I'll confess, just thinking about the sheer enormity of it made me need to sit down and collect my thoughts. To say I was stupefied would be putting it accurately. Every online chat session, every email, every bank account password... all of it had been compromised. Coupled with the maelstrom of work-related stress I was already carrying, it was a miracle I managed to even get home that night. Since sleep was out of the window, I spent the time figuring out what had to be done to salvage some of the wreck masquerading as my secure online information. And so it was that a marathon Saturday and Sunday session with me hunched over the house computer left the following:
One personal email account closed, after migrating everything that could be moved, to a new account. Two other personal email account details changed and left to the mercy of fate, since there's only so much information that I gave a damn about.
Blog, photos and analytics account details changed and migrated.
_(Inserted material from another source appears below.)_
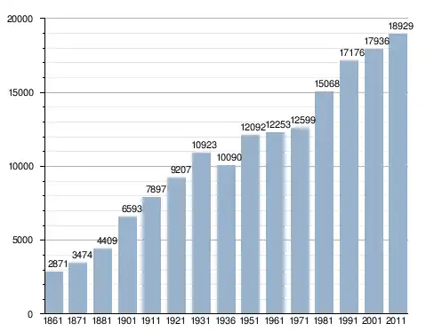 في سنة 1861 بلغ عدد السكان 2٬871 نسمة، وتطور العدد ليصل في سنة 2011 لـ 18٬929 نسمة.

Bank account passwords changed, ATMs visited personally to change the pins and hope for the best.
Professional network account changed.
Basically, the life I'd been living online since 2006 had to vacate and find a new city.
The crap at work abated somewhat on Monday and I managed to get the software removed from the computer that evening. The management doesn't know who installed it since they supposedly didn't authorise it. The senior IT consultant in Hyderabad doesn't know anything about it either. So that leaves the junior in-house IT guy, who was on holiday all of last week. If he hasn't installed the software, I have to reconcile with the fact that some unknown entity has about 10 months of my data, with me unable to do a damn thing about it.
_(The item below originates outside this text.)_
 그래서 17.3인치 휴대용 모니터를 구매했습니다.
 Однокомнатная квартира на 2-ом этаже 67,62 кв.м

To say that I feel violated is putting it mildly. But I also realised just how much of my information is in cyberspace and how easy it is / would be for someone to steal this data, https or no https. So, while I'm waiting for the IT bloke to show up, for a little WTF were you thinking - frank heart-to-heart chat, maybe anyone reading this should inspect your work and home pc's for innocuous looking folders that could be much more.
I've stopped accessing personal stuff at work. Even if there is supposedly no software tracking anything, I just don't trust the system any more. Now, I access new information from a lot of other websites during office hours and limit the casual reader /mail / chat stuff to about an hour at home. Considering I got lucky while finding that software, learning a lesson this way was worth the inconvenience I guess.
It has also spurred me to renew my efforts to change workplaces. As the bloke said, "Some things you do, you can never take back..."
Song for the moment: Black dog - Led Zeppelin
Comments
This is freaky! I just checked my computer inside out for softactivity crap! Thank god! I found nothing!!!